O fim da substituição tributária muda o papel da distribuidora na cadeia. Ela deixa de receber o imposto pronto e passa a responder pela própria apuração, com efeito direto no preço, no caixa e no estoque. Com a Reforma Tributária, essa mudança termina em 2033, mas as exclusões estaduais já trazem a virada para o presente.

Quem se organiza agora chega a cada exclusão com preço revisado e crédito documentado. Para acompanhar cada atualização da Reforma Tributária aplicada à sua operação, assine a newsletter da OFM e se mantenha atualizado.

Reforma Tributária · Distribuidoras
Perguntas frequentes sobre o fim da substituição tributária nas distribuidoras
01A substituição tributária vai acabar com a Reforma Tributária?

Sim, a substituição tributária do ICMS termina junto com o próprio ICMS, em 2033. Os novos tributos, o IBS e a CBS, não preveem substituição tributária como regra geral. Cada empresa passa a recolher sobre o que agrega na própria operação, pelo sistema de débito e crédito.

02Quando começa o fim da substituição tributária?

Na Reforma Tributária, a redução do ICMS começa oficialmente em 2029. Na prática, porém, os estados já estão excluindo produtos da substituição tributária ao longo de 2026, estado por estado e produto por produto. Por isso, muitas distribuidoras já enfrentam essa virada agora, antes do cronograma nacional.

03O que muda para a distribuidora quando um produto sai da ST?

Ela deixa de receber o produto com imposto antecipado e passa a apurar débito e crédito, operação por operação. Com isso, o imposto sai do custo de compra e passa a incidir sobre a margem real. O efeito aparece direto no preço, no caixa e no controle de estoque.

04Como tratar o estoque que já tem ICMS-ST pago?

Primeiro, conte o estoque na data exata da exclusão e siga o procedimento definido pelo estado para aproveitar o crédito. Em muitos casos, esse crédito é liberado em parcelas mensais, e não de uma vez só. Sem esse levantamento, a empresa corre o risco de pagar o imposto duas vezes.

05A MVA continua existindo com o IBS e a CBS?

Não. A MVA serve para presumir a margem de lucro dentro da substituição tributária do ICMS. No IBS e na CBS, o imposto incide sobre a operação real, com desconto do crédito das compras.
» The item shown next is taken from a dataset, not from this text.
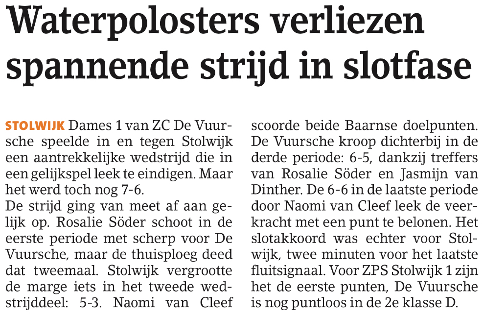 De strijd ging van meet af aan gelijk op. Rosalie SΓΆder schoot in de eerste periode met scherp voor De Vuursche, maar de thuisploeg deed dat tweemaal. Stolwijk vergrootte de marge iets in het tweede wedstrijddeel: 5-3. Naomi van Cleef scoorde beide Baarnse doelpunten. De Vuursche kroop dichterbij in de derde periode: 6-5, dankzij treffers van Rosalie SΓΆder en Jasmijn van Dinther. De 6-6 in de laatste periode door Naomi van Cleef leek de veerkracht met een punt te belonen. Het slotakkoord was echter voor Stolwijk, twee minuten voor het laatste fluitsignaal. Voor ZPS Stolwijk 1 zijn het de eerste punten, De Vuursche is nog puntloos in de 2e klasse D.

Por isso, a margem presumida deixa de fazer sentido para os novos tributos.

06Como fica a substituição tributária entre 2029 e 2032?

Ela continua, mas acompanha a redução gradual do ICMS: 90% das alíquotas em 2029, 80% em 2030, 70% em 2031 e 60% em 2032. Nesse período, a operação da distribuidora convive com ICMS-ST reduzido de um lado e com IBS e CBS crescendo do outro.

07Existe substituição tributária no modelo do IBS e da CBS?

Pela regra geral, não existe substituição tributária no IBS e na CBS. A exceção envolve plataformas digitais de venda, que podem assumir o recolhimento das operações que intermediam, com a concordância do fornecedor. Para a distribuição tradicional, vale sempre a lógica de débito e crédito.

08Distribuidoras de combustíveis seguem a mesma regra de ST?

Não. Combustíveis têm um regime específico, chamado monofásico, com a cobrança concentrada em uma única etapa da cadeia produtiva. Esse modelo se parece com a ST em alguns pontos, mas segue mecânica própria e distinta. Por isso, merece uma análise separada, fora do escopo deste artigo.

09O split payment afeta o caixa da distribuidora?

Sim. A partir de 2027, o imposto passa a ser separado no momento do pagamento e enviado direto ao Fisco. Para um setor que opera com prazo dos dois lados, fornecedor e cliente, isso altera o ritmo de entrada do dinheiro e o acompanhamento dos créditos.

10Por que a distribuidora deve agir antes de 2029?

Porque as exclusões estaduais da substituição tributária já estão em andamento, produto a produto, desde 2026. Cada exclusão exige contagem de estoque, revisão de preço e ajuste de crédito, dentro de um prazo curto definido pelo próprio estado. Esperar o cronograma nacional significa enfrentar essas viradas sem preparo.